The SVS library comes in three main forms:

  • A header only C++ library.

  • A small set of command-line utilities for exploring similarity search.

  • A Python wheel for interactive use.

Extensive use of C++20 is used both through-out the SVS library and its dependencies (mainly the EVE SIMD library). The minimum tested compilers are

  • GCC 11.0

  • Clang 13.0

Building Python Library

CIBuildWheel and Microarchitecture Compatibility

We support building SVS as a Python wheel in a Docker container using cibuildwheel.

You need to install cibuildwheel and docker. Once those are installed, navigate to the root directory of the source and run

# clean any previous build artifacts
rm -rf bindings/python/_skbuild
# build container image
cd docker/x86_64/manylinux2014
./build.sh
# build Python wheel
cd -
cibuildwheel --only $(python3 tools/pybuild.py) bindings/python

If you wish to build wheels for all supported versions of Python, not just the version you are using, leave out --only:

cibuildwheel bindings/python

The resulting Python wheel will be generated in the wheelhouse directory and can be installed from there.

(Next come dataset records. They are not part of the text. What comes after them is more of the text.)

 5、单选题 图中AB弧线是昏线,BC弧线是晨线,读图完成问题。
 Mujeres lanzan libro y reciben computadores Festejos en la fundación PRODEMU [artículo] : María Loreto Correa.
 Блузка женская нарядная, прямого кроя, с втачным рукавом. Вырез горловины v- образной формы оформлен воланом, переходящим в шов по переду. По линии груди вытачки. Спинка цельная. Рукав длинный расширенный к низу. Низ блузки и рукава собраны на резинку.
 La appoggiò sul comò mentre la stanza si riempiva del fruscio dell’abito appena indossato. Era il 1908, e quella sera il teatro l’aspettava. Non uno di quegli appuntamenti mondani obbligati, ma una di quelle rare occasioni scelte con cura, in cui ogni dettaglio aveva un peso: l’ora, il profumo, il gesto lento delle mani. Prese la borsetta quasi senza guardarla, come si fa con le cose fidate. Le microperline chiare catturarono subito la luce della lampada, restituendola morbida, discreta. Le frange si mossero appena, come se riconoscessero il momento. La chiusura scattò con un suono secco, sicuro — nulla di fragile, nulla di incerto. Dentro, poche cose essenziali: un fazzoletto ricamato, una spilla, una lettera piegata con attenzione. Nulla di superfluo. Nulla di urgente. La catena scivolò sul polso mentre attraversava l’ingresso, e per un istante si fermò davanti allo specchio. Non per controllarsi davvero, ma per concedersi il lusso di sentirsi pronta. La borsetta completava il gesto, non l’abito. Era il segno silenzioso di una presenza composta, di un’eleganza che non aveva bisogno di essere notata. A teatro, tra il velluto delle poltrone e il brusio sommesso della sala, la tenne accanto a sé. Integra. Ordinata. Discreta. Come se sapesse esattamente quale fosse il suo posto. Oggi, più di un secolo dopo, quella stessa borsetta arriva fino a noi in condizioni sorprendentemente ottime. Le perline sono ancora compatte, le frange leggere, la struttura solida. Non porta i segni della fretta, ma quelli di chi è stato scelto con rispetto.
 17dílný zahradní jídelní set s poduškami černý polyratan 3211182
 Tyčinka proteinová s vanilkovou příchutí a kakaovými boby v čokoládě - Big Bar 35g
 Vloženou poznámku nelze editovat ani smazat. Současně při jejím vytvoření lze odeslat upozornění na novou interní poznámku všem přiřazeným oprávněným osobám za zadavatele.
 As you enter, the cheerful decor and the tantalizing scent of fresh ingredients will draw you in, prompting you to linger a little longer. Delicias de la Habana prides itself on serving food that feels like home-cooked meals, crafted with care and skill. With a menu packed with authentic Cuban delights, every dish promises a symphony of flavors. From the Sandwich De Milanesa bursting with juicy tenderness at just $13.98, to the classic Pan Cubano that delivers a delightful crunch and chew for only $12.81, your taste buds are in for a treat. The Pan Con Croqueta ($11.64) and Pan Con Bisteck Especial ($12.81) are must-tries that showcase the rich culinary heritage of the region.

pip install wheelhouse/scalable_vs*.whl

SVS uses C++20 and many Intel(R) AVX-512 hardware features to achieve performance. However, we still want to support older CPUs and reasonably old Linux distributions that may have some GLIBC limitations. The wheel built by cibuildwheel has maximum compatibility.

Customizing Wheels

The following commands will perform the native build, with optimizations specific to the CPU you are using:

cd bindings/python
python3 setup.py bdist_wheel -- [cmake arguments] -- -j$(nproc)
pip install ./dist/scalable_vs*.whl

If the default build options are acceptable, the CMake arguments may be left empty. If you want optimizations for a different CPU than the one you are using for the build, you can specify a microarchitecture using SVS_MICROARCHS:

python3 setup.py bdist_wheel -- -DSVS_MICROARCHS=sapphirerapids -- -j$(nproc)

Debug Builds

Every once in a while, it is beneficial to use either a debug build of the Python wheel or at least build the wheel with debug information. This can be difficult through the pip only approach as it likes to transitively build dependencies. Instead, it is recommended to go through the two stage approach:

cd bindings/python
python3 setup.py bdist_wheel --build-type=Debug -- -- -j$(nproc)

Building Notes

Occasionally, the Python build process will fail seemingly without cause. This usually occurs when previously there has been a mix of different compilers, compile-time variables, and build strategies. If this happens, try removing bindings/python/_skbuild and bindings/python/dist and going again.

C++ Build

CMake Support

SVS provides a cmake target to enable source builds against the library:

  • svs::svs: Links the code headers and shared library components (if applicable).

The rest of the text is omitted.